RibonanzaNet-SS in dev puzzlemaker

RNet has been enabled in puzzlemaker on the eternadev.org site for players to create RNet puzzles and assess how solvable those puzzles are. We would like to avoid a repeat of EFTK where players got frustrated by how difficult and illogical the EFTK player puzzles are. If you don’t have a dev account, you will need to create one. You can use the same player name and password as your main account for ease if you like.

There is no energy calculation in RNet and instead it provides an F1 score. View the F1 score by opening the spec box and keeping it open while flipping. (Box can be resized by dragging the corners.) If F1 proves unhelpful, then I can report to the researchers that RNet in the game would benefit from another metric for puzzle solving.

I recommend we keep puzzles under 300 bases to start because the RNet calculations become slower as the puzzles get longer. It will be great to see lots of pseudoknot puzzles, but non-pseudoknot puzzles also are good for testing. The puzzles on the dev site are for testing; they may not persist in the future. If you want to keep the structures for later use, keep a record for yourself.

2 Likes

Here are some observations I have made while making RNet puzzles:
There are no energies, though you can tell bulges, and all loops are boostable.


Interesting a GU on 80;71 forms this PK on 24;120. Another pic shows a GC unbinding in a stem. 215715_1748316981.png (1707×735)
This Rnet puzzle is called Rnet Study 3.

Interesting, it seems like since it’s a ML model, instead of building up the pairing probabilities, it starts with almost everything being able to pair with something else (albeit with <0.1 confidence), and as you add more pairs, it removes possible bonds until only your intended structure can form. It seems to like structures like <…(… …)…> a lot more than other folding engines, same with pks. It looks a lot like other AI models trained on a somewhat small dataset, where when given a really unlikely case, they give a really unlikely output. It’s a really interesting folding engine.

Thanks for the feedback! Can you post the RNet puzzle with that structure on the dev site? RNet was trained on >500,000 RNA sequences. Is that considered a small dataset?

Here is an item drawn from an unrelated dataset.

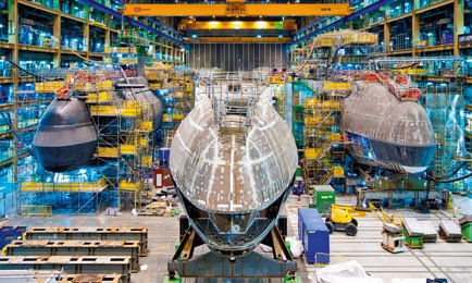 2). Astute class nuclear submarines being build in the Devonshire Dock Hall, Barrow-in-Furness.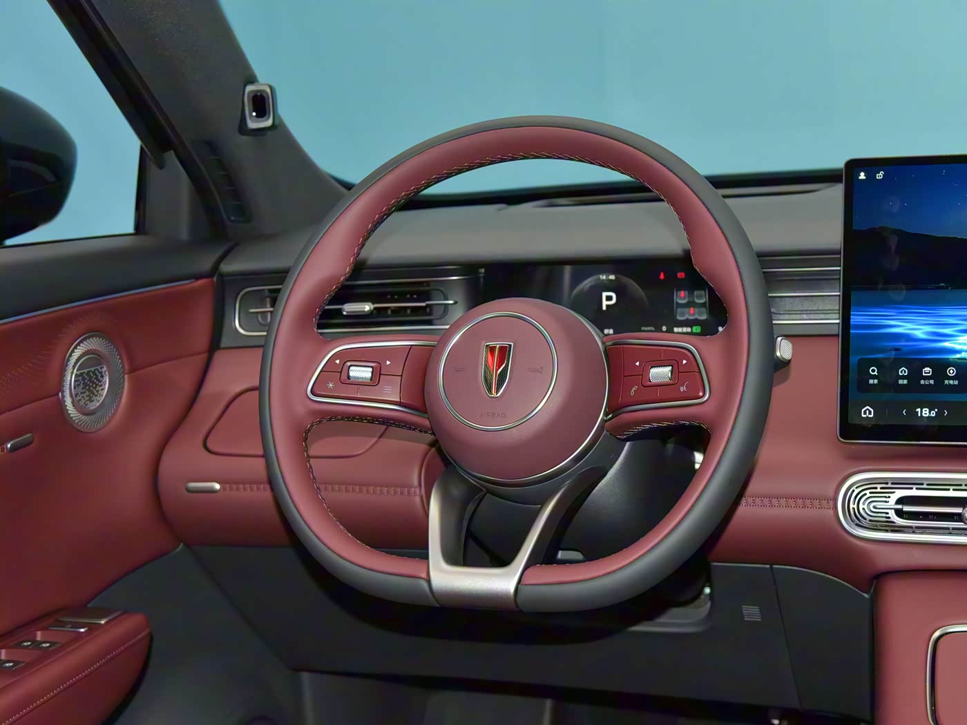 首先来看内饰,相比在售红旗新能源车型,红旗HS6 PHEV首次使用副驾双连屏设计,同步提供小尺寸液晶仪表盘和抬头显示系统。细节上,红旗HS6中控台为阶梯式设计,部分区域提供皮质包裹和缝线工艺,整体运用无实体按键的简约化风格,并在驾驶员侧设计有带盖板的小型储物槽。红旗HS6 PHEV采用三辐式造型和双拼皮质包裹,具有按压+滚轮的实体多功能按键。由于采用怀挡式设计,该车副仪表台区域可提供单手机无线充电板、双杯架和带有盖板的储物槽,副仪表台下部设计有掏空式储物空间。

Interesting, since simpler AI training sets like MNIST (https://en.wikipedia.org/wiki/MNIST_database) only have 40k training and 10k test, albeit they are simpler. While Rnet might have a different type of model to these AIs, since these have fixed input and output spaces, over 500k is a respectable size for a training set. I assume that’s the training data, not the test data, so it is interesting to see it create wildly impossible pseudoknots on a string of Adenines with only a few Uracils, Guanines, and Cystonines. I’ll look into it more, however, and post the unlikely sequences on the dev site soon :slight_smile:

Puzzle is posted :smiley:, here’s the seq if anyone needs it (they probably will): AAAAAAAAUAAAACAAAAUAAAAAAAAAACUUUUAAAAAAAAAAAAAAAAAAAAAAAAGUGACAAAUAAACAAAAAAAAAAAAGCGAAAAAAAAGAAAAAA

To set RibonanzaNet-SS in context for newer players, RNet is far from perfect. RNet 2 has been released, if anyone would like to try it on the Kaggle site. No accurate RNA folding prediction model exists. That is one of the primary reasons Eterna exists, to help researchers develop better models. I personally don’t think a 2D model, such as Vienna 2, could ever be usably accurate without taking 3D contacts into account. Which is precisely what we are trying to accomplish with RNet.